Your output should be the lines below from the one holding "Tym, co jeszcze" through the one holding "进门开阔视角,客餐厅为开敞式", transcribed exactly, with no pictures.

DATASET ENTRIES:
^^^^^^^^^^^^^^^^

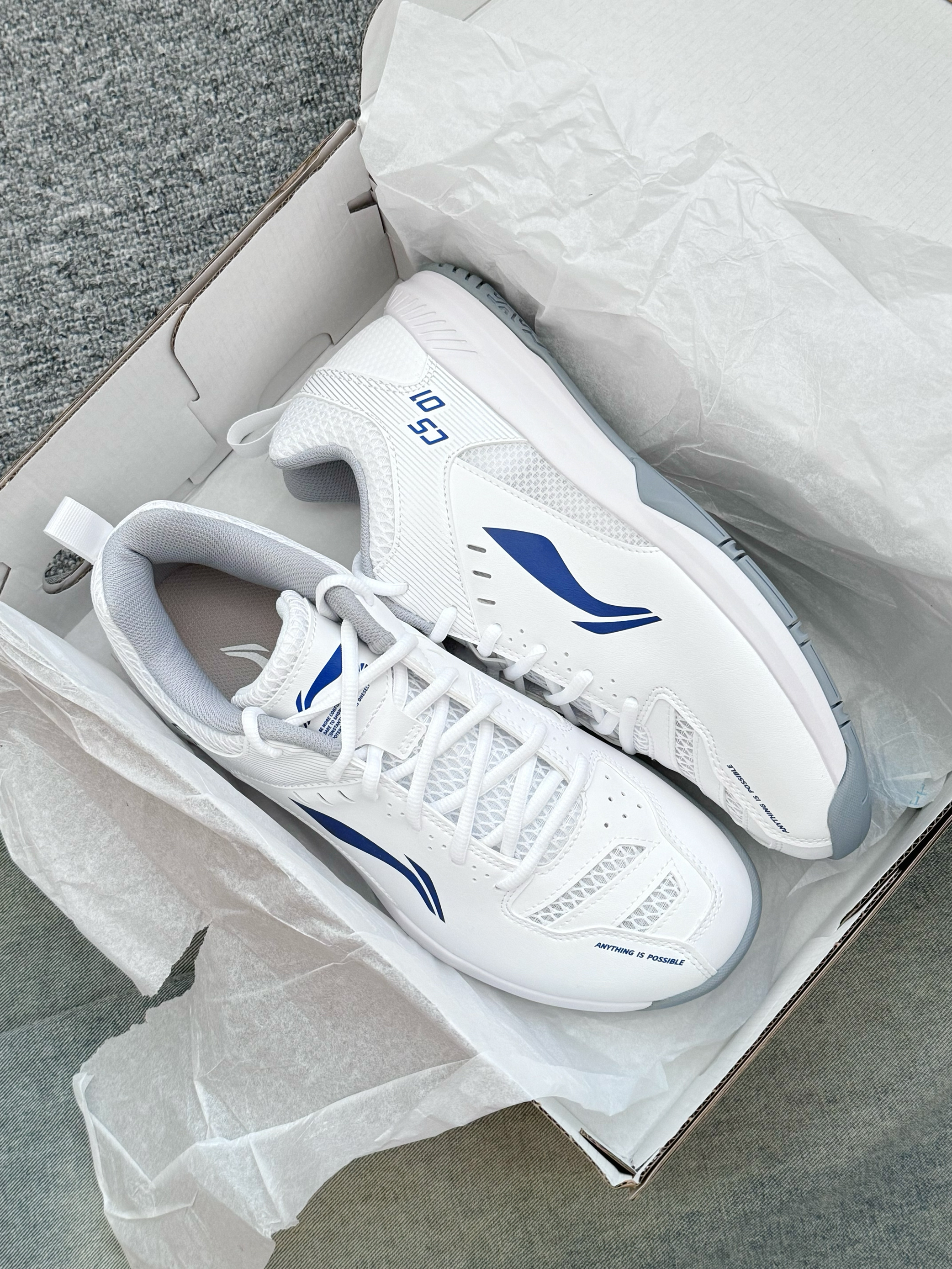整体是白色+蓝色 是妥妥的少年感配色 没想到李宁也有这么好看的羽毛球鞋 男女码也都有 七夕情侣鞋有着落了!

^^^^^^^^^^^^^^^^

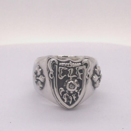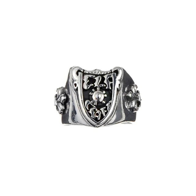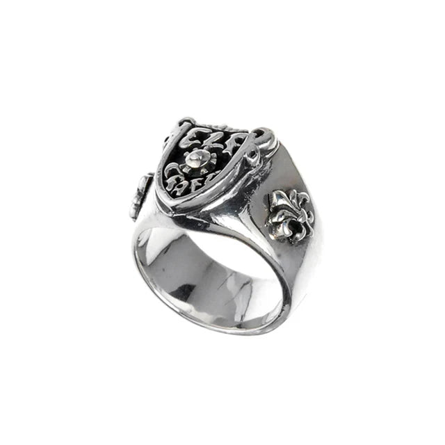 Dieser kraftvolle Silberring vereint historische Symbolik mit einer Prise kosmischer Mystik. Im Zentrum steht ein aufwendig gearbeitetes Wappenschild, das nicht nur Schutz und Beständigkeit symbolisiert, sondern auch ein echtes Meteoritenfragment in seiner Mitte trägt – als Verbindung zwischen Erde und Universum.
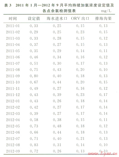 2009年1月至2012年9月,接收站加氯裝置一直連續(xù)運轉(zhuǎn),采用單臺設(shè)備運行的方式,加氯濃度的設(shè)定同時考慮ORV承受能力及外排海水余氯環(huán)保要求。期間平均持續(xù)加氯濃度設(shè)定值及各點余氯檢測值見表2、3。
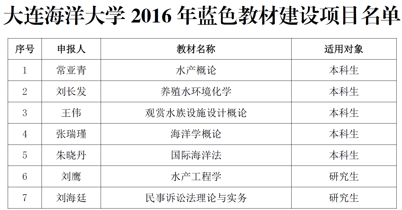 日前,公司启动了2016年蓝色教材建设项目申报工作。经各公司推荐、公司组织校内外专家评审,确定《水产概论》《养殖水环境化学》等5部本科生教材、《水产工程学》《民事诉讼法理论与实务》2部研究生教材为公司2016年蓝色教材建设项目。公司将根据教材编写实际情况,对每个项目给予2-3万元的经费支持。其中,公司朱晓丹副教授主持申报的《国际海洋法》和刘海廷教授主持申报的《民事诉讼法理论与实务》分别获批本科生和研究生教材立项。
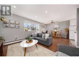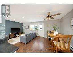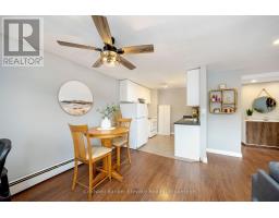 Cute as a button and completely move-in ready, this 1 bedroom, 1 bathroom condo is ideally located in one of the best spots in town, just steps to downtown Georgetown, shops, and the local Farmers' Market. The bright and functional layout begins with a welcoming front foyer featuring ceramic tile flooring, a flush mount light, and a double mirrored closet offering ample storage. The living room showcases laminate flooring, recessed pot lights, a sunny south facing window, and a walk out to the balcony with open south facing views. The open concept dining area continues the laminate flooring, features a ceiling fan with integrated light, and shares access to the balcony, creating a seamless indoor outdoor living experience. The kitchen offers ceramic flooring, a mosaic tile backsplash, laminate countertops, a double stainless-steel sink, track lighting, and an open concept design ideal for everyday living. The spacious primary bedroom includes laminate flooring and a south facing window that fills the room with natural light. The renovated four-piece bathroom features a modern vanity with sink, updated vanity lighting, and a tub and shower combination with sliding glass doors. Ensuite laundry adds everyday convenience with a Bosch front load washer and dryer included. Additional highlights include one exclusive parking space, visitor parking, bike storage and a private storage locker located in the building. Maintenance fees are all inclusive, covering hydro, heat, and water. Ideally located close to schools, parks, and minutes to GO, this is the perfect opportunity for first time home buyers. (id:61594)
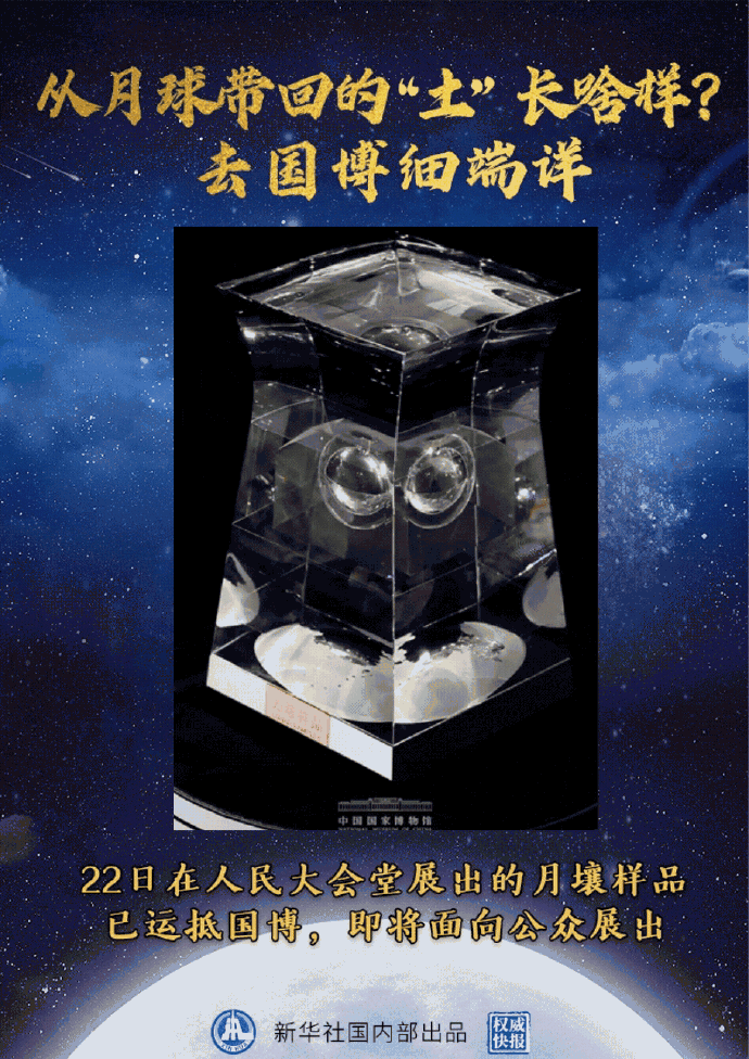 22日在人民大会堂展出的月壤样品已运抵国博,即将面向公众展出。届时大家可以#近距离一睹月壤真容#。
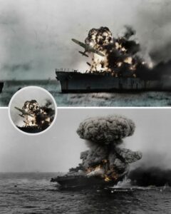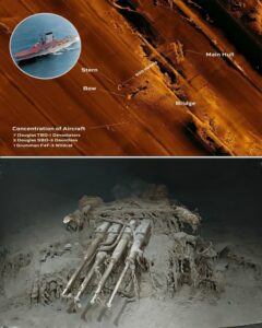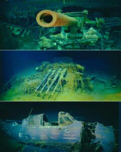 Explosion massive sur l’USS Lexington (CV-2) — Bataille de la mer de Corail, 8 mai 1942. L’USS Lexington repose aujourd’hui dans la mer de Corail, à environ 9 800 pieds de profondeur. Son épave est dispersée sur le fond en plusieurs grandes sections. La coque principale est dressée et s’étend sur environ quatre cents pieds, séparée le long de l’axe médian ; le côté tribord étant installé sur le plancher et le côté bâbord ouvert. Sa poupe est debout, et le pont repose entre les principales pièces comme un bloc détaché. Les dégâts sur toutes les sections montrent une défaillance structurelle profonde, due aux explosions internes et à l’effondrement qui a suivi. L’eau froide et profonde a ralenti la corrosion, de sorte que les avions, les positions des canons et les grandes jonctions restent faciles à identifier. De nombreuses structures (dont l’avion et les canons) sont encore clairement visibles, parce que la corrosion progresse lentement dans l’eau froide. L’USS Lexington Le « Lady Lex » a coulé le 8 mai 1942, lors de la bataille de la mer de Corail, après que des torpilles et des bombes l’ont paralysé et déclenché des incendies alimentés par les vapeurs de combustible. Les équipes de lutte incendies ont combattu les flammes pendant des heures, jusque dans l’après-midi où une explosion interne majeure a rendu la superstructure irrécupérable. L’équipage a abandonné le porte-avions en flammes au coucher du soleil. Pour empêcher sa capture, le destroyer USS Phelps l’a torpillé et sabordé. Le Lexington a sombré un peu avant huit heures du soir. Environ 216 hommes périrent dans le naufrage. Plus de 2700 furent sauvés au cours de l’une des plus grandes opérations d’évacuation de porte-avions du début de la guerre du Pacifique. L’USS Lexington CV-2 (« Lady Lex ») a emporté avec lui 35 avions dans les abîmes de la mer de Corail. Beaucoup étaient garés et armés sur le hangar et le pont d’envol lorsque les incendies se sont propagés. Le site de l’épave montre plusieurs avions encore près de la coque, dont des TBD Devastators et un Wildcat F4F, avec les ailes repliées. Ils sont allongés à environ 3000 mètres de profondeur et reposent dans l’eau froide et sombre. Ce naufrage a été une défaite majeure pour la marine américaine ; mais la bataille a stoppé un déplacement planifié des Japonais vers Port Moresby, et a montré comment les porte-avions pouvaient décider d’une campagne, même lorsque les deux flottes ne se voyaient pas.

^^^^^^^^^^^^^^^^

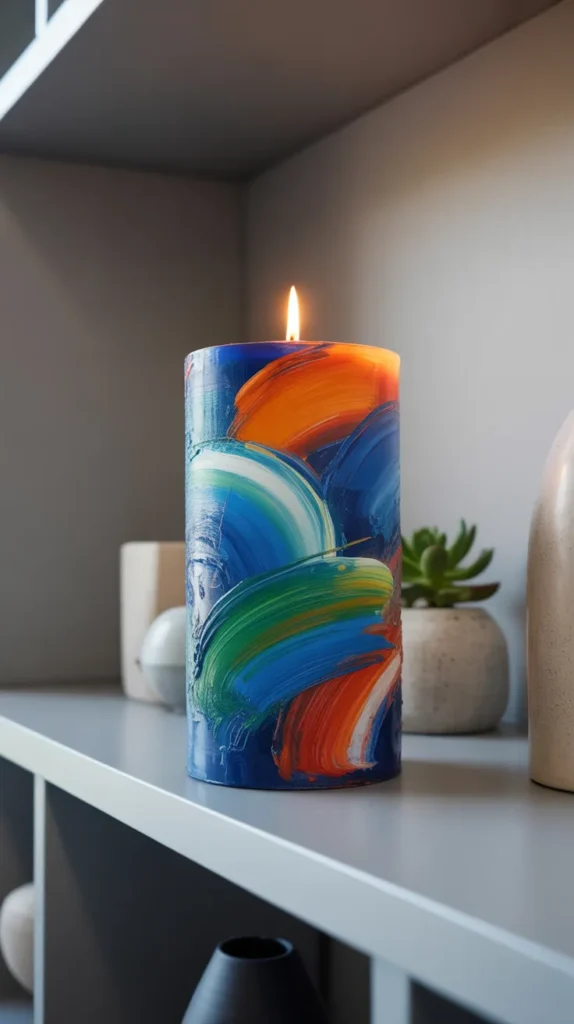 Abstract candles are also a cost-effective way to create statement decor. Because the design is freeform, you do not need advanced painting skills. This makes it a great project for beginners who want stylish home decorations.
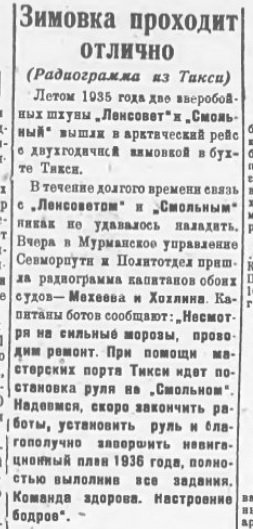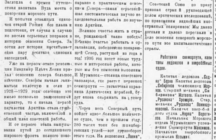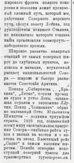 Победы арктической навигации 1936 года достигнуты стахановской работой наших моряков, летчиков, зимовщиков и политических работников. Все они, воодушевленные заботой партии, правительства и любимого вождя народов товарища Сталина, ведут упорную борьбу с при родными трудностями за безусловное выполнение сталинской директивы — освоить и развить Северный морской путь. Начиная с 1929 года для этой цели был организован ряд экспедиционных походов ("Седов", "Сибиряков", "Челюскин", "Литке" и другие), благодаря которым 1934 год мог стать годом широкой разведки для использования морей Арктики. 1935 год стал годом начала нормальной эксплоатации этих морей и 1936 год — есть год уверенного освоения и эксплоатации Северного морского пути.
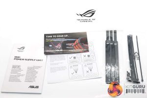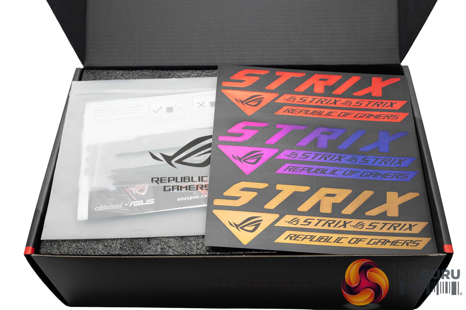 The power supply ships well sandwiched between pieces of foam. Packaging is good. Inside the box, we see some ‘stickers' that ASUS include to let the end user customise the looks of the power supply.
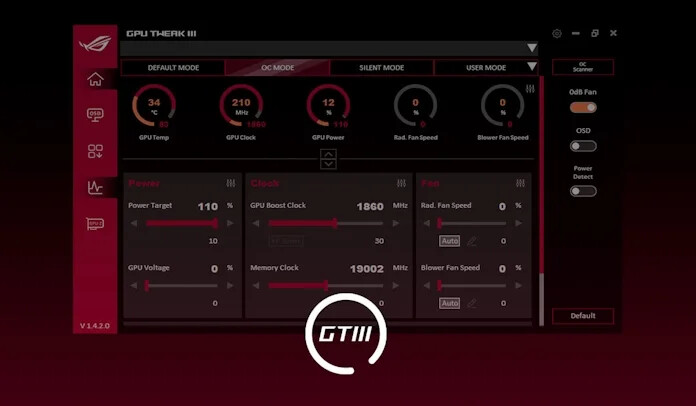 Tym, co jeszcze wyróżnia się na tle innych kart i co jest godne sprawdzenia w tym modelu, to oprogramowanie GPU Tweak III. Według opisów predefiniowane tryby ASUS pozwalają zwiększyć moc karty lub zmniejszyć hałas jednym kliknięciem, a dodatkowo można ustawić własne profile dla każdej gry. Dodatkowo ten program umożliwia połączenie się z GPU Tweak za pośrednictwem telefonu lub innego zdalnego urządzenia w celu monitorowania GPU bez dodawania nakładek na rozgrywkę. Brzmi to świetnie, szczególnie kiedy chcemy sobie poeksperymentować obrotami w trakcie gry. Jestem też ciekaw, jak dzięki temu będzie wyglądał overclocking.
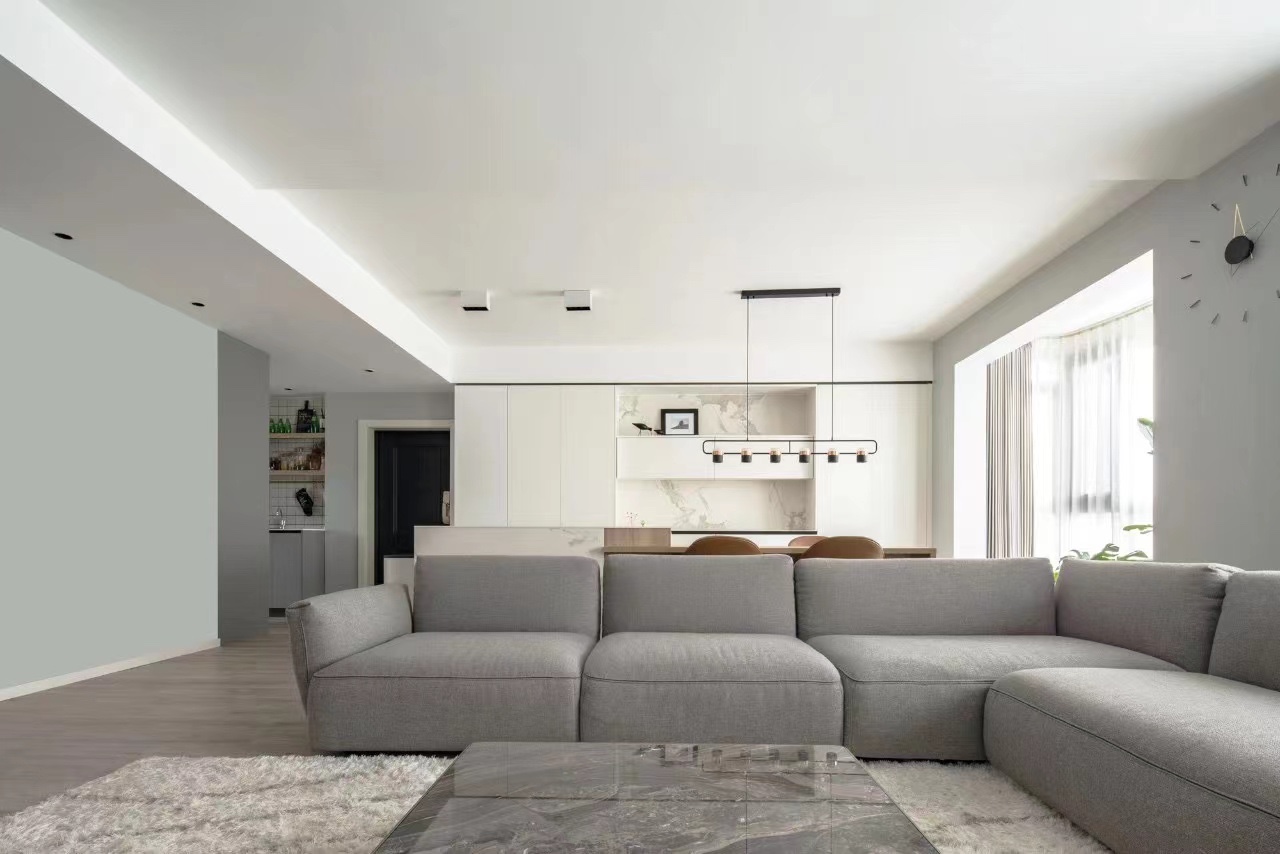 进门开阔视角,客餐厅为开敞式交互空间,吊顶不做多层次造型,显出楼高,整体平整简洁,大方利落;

^^^^^^^^^^^^^^^^

RESULT OF THE EXERCISE:
 Tym, co jeszcze wyróżnia się na tle innych kart i co jest godne sprawdzenia w tym modelu, to oprogramowanie GPU Tweak III. Według opisów predefiniowane tryby ASUS pozwalają zwiększyć moc karty lub zmniejszyć hałas jednym kliknięciem, a dodatkowo można ustawić własne profile dla każdej gry. Dodatkowo ten program umożliwia połączenie się z GPU Tweak za pośrednictwem telefonu lub innego zdalnego urządzenia w celu monitorowania GPU bez dodawania nakładek na rozgrywkę. Brzmi to świetnie, szczególnie kiedy chcemy sobie poeksperymentować obrotami w trakcie gry. Jestem też ciekaw, jak dzięki temu będzie wyglądał overclocking.
 进门开阔视角,客餐厅为开敞式交互空间,吊顶不做多层次造型,显出楼高,整体平整简洁,大方利落;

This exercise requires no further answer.